We believe the focus should shift to a broader array of mammals. SARS-like viruses would have remained isolated among bats in the absence of humans facilitating a breakdown in ecological isolation for these assemblages. Colonization requires a steppingstone linkage from bats to humans; or from bats to other potential mammalian species that may be synchronic and sympatric; ecological fitting and sloppy fitness space bridge the nexus for capacity and opportunity (Araujo et al., 2015; Morens & Fauci, 2020). Focused circumstances, interfaces with considerable propagule pressure and viable steppingstones, are required to complete infection pathways to people (Feronato et al., 2022).

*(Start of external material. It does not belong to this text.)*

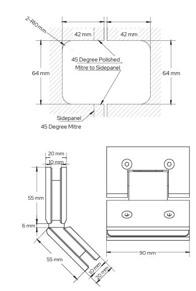 The Adjustable Perth Series of professional hinges are pre-set to accommodate 10mm thick glass. Adjustable to accommodate the desired angle is done after the door is installed. The gaskets are glued into the hinge, promoting rapid installation. Composed of solid brass, the spring will self-centre within 25 Degrees of the closed position and will open both inwards and outwards. The hardware is available in three standard finishes - Chrome, Brushed Nickel and Matt Black. The door can swing 90 Degrees inward and 90 Degrees outward (adjusting angle from factory set position will reduce the 90 Degrees swing in that direction).

In particular, humans drove the emergence and spread of SARS-CoV-2. A shortage of pork in China due to an outbreak of ASFV in early 2019 (Brooks et al., 2022; Lytras et al., 2021; Xia et al., 2021) increased the demand for game meat in places like the live animal markets of Wuhan. This created new anthropogenic opportunity space, leading to multiple events of colonization among nonhuman mammals, some of which became steppingstone hosts for dissemination across additional mammalian hosts, including humans (Pekar et al., 2022; Worobey et al., 2022). Humans in the final quarter of 2019, in the absence of restrictions on international trade and travel, circulated the virus globally. Wherever humans established the virus, people were the primary reservoirs of infection in wildland, agricultural and urban environments (Rochman et al., 2021), serving as mediators of introduction and exposure among diverse mammalian hosts across terrestrial ecosystems (Cai & Cai, 2021; Hale et al., 2022; Kuchipudi et al., 2022; Lytras et al., 2021; Oude Munnink et al., 2021; Pickering et al., 2022; Wei et al., 2021). The animal wet markets in Wuhan and other urban centres in China and Southeast Asia provided steppingstone opportunities for SARS-like viruses to colonize humans on at least two other recent occasions – SARS-CoV in 2003 and Middle East respiratory syndrome coronavirus (MERS-CoV) in 2012 (Huong et al., 2020; Lytras et al., 2021; Pekar et al., 2022; Worobey et al., 2022; Xia et al., 2021; Zhou et al., 2021; Zhou & Shi, 2021).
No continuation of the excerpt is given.